En effet, l’inflation ne sera pas ralentie uniquement par la hausse du taux directeur de Bank Al-Maghrib. Il est nécessaire de mettre en place d’autres mesures économiques et monétaires visant à améliorer la compétitivité des produits marocains pour les substituer à ceux importés, tout en œuvrant à améliorer la valeur de la monnaie marocaine sur le marché international.

En ce qui concerne le déficit budgétaire, le pouvoir exécutif peut le contrôler, mais cela a un coût. La limitation des commandes publiques en faveur des entreprises, la réduction des ouvertures de postes budgétaires destinés aux jeunes diplômés et la réforme de la Caisse de compensation ne contribueront guère à relancer l’activité économique, du moins du côté du secteur public. L’objectif de déficit annoncé par le gouvernement, soit 3,4% du PIB, reflète la politique d’austérité qui sera menée en 2024, et qui montre un faible soutien aux ménages et aux classes sous-moyennes, voire démunies.

Quels risques pourraient peser sur la croissance en 2024 et les années suivantes ?
Les risques économiques au Maroc pour l’année 2024 sont actuellement liés aux incertitudes géopolitiques et géoéconomiques résultant du conflit russo-ukrainien. La stabilité de cette région est essentielle pour contrôler les prix des matières premières et des fournitures provenant de cette zone, qui ont provoqué une inflation à l’échelle internationale.
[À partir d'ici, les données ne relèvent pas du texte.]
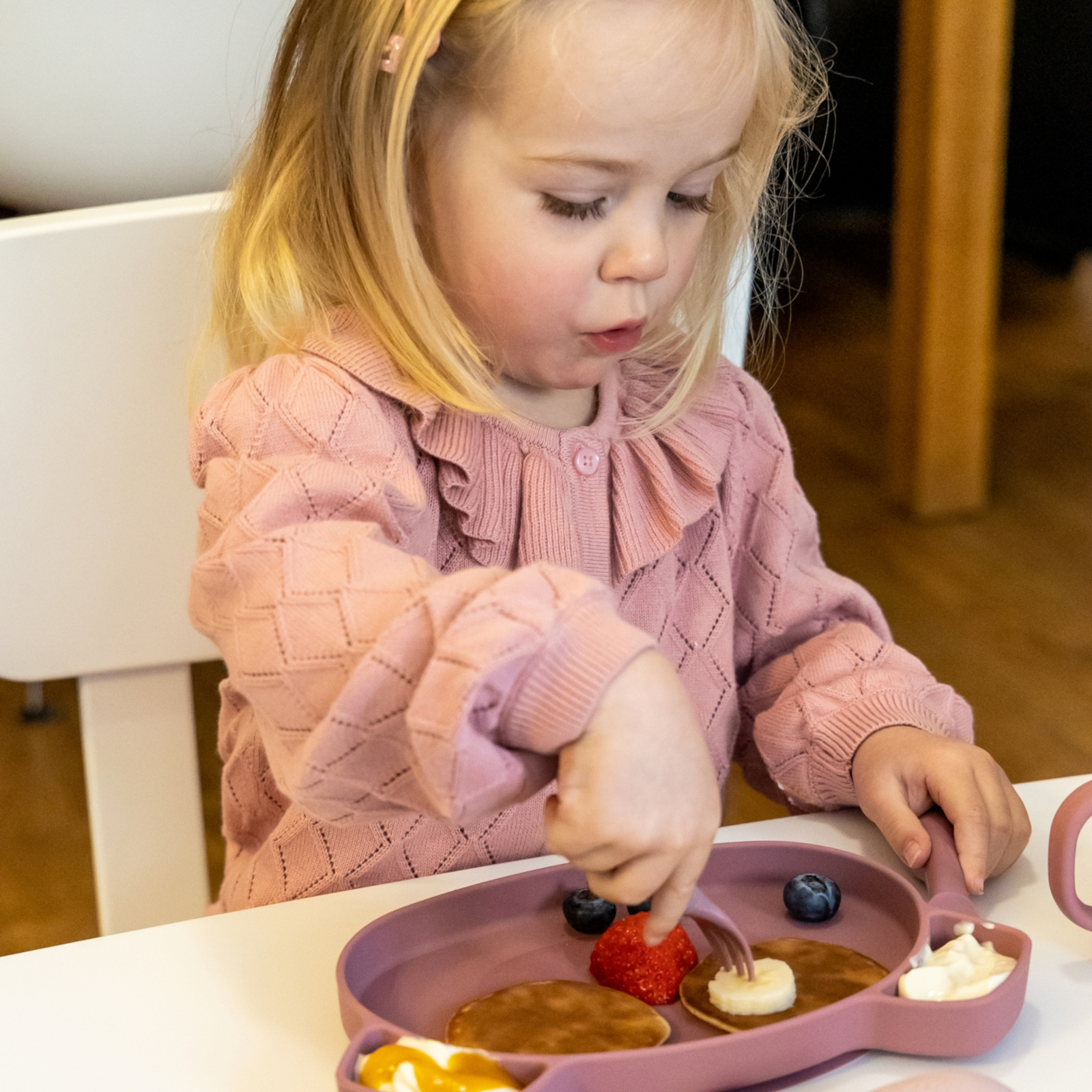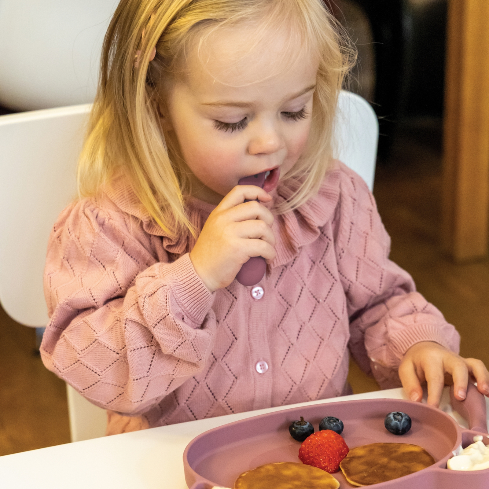 Durch die kindgerechte Form unterstützt das Besteck intuitiv das Greifen und Halten. Das erleichtert die ersten Essversuche und sorgt für mehr Selbstvertrauen und Spass am Tisch.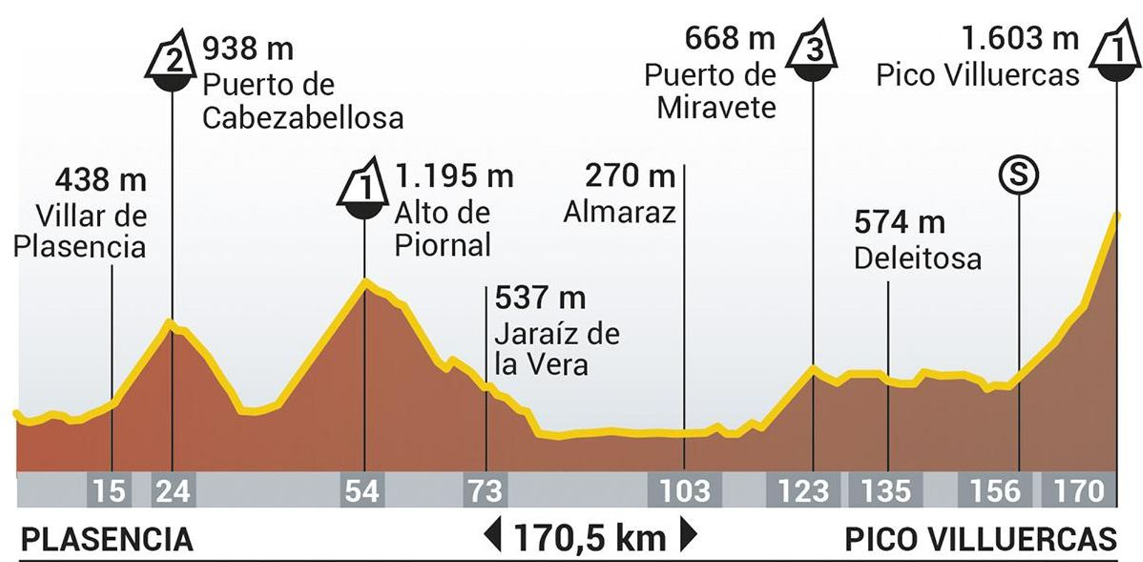 El primer final en alto, y la primera etapa de montaña de la carrera, llega en la cuarta jornada de la ronda durante una etapa que discurre íntegramente en Extremadura, con salida en Plasencia. Son un total de 170,5 kilómetros con un puerto de primera categoría al final, el Pico Villuercas, que presenta rampas del 15 al 16% de desnivel. No es el único puerto del día, hay tres más, entre ellos, el Piornal, de primera categoría también. Será la primera etapa en la que se pueda ver a los favoritos en acción.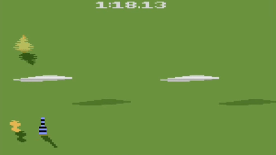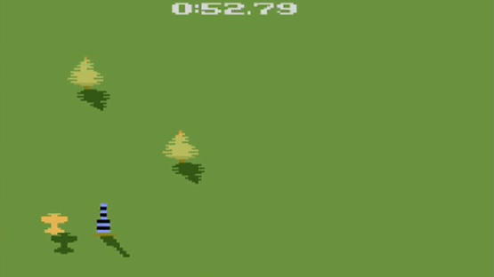 You control a small plane and have to fly slalom around a preset amount of pylons. You have to pass the red pylons on the right side and the blue ones on the left side. Missing a pylon will result in a three second penalty. Flying into the pylons, trees or hot-air balloons will cost you time as well. There are five different game modes: The first four game modes only differ in terms of the number of pylons you have to pass (25, 50, 75, 99). In th fifth game mode you still have to pass 99 pylons but they are placed along the course randomly. You can also change the difficulty level from easy to hard which will place obstacles like trees either directly in your line of flight or out of your way.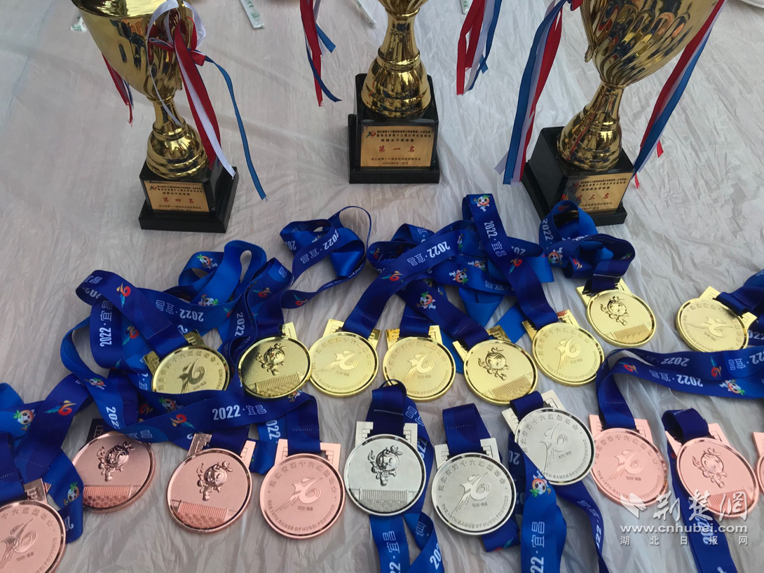 桥牌队获奖奖牌及奖杯。学校供图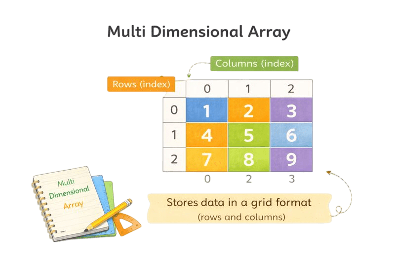 A multi-dimensional array stores data in rows and columns, like a table.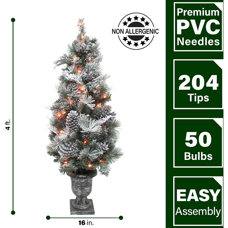 - DESIGNER FINISHES: Handcrafted snow flocked accent tree trimmed with festive oversized pinecones and finished with an ornamental pot. Each prelit with 50 clear lights.

De plus, les effets de la stagflation au premier semestre 2023 ont eu un impact sur le tissu entrepreneurial marocain, qui a traversé une période difficile. D’une part, il y a eu une augmentation de l’inflation et une pression sur les coûts de production et d’importation, et, d’autre part, il y a eu des répercussions socio-économiques néfastes liées à la relance des activités et au ralentissement de la croissance économique après la pandémie de Covid-19. En outre, les aléas climatiques représentent un risque potentiel pour l’économie marocaine, en particulier pour la période triennale à venir, c’est-à-dire de 2024 à 2027. Il est impératif de mettre en place une politique de l’eau permettant de mieux gérer le stress hydrique. Il est nécessaire de rompre avec la dépendance aux précipitations et d’adopter une gestion efficace des ressources hydriques à l’échelle interrégionale, en favorisant le recyclage des eaux et en mettant en place un système d’irrigation automatique et localisée pour les terres cultivées, afin d’obtenir de bonnes récoltes céréalières et de favoriser la croissance du PIB agricole.
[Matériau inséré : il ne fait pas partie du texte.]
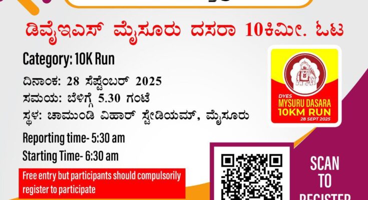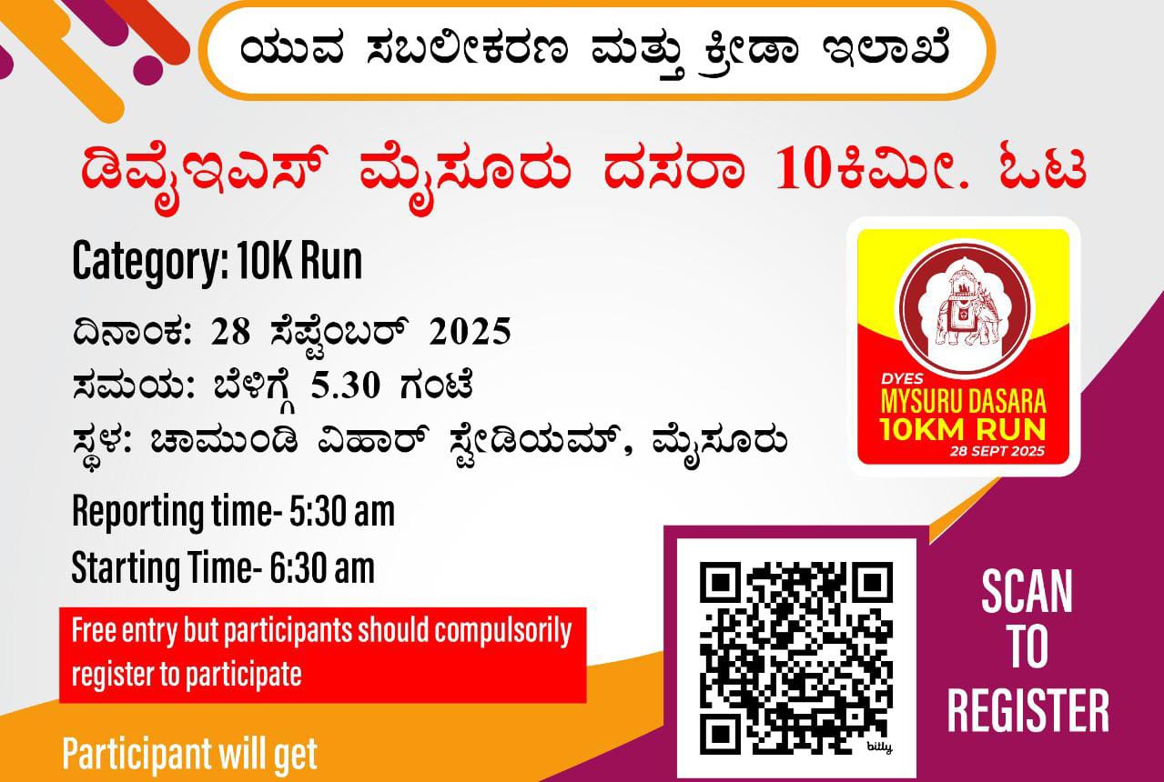 ಸೆಪ್ಟೆಂಬರ್ 28 ರಂದು ಬೆಳಿಗ್ಗೆ ‌5.30 ಕ್ಕೆ ಮೈಸೂರಿನ ಚಾಮುಂಡಿ ವಿಹಾರ ಸ್ಟೇಡಿಯಂ ನಲ್ಲಿ 10 ಕಿ.ಮೀ ಓಟ ಇದ್ದು,15 ವರ್ಷದಿಂದ 45 ವರ್ಷದವರು ಪಾಲ್ಗೊಳ್ಳಬಹುದು.

Quelle serait la meilleure réforme fiscale pour dégager des marges de manœuvre supplémentaires ?
En ce qui concerne la problématique de l’endettement public, la politique d’austérité n’est pas une solution fiable, car en période de crise, l’État est obligé de dépenser davantage pour soutenir l’économie. Il convient plutôt de mettre en place une réforme fiscale qui permette à l’État de dégager des marges de manœuvre supplémentaires dans la collecte des recettes fiscales. Cependant, il est nécessaire d’innover en matière fiscale afin de taxer davantage les individus les plus aisés et les grandes entreprises disposant de ressources financières considérables. La pression fiscale actuelle exercée sur la classe moyenne et le tissu entrepreneurial marocain ne favorise pas l’épargne et l’investissement nécessaires à toute relance économique.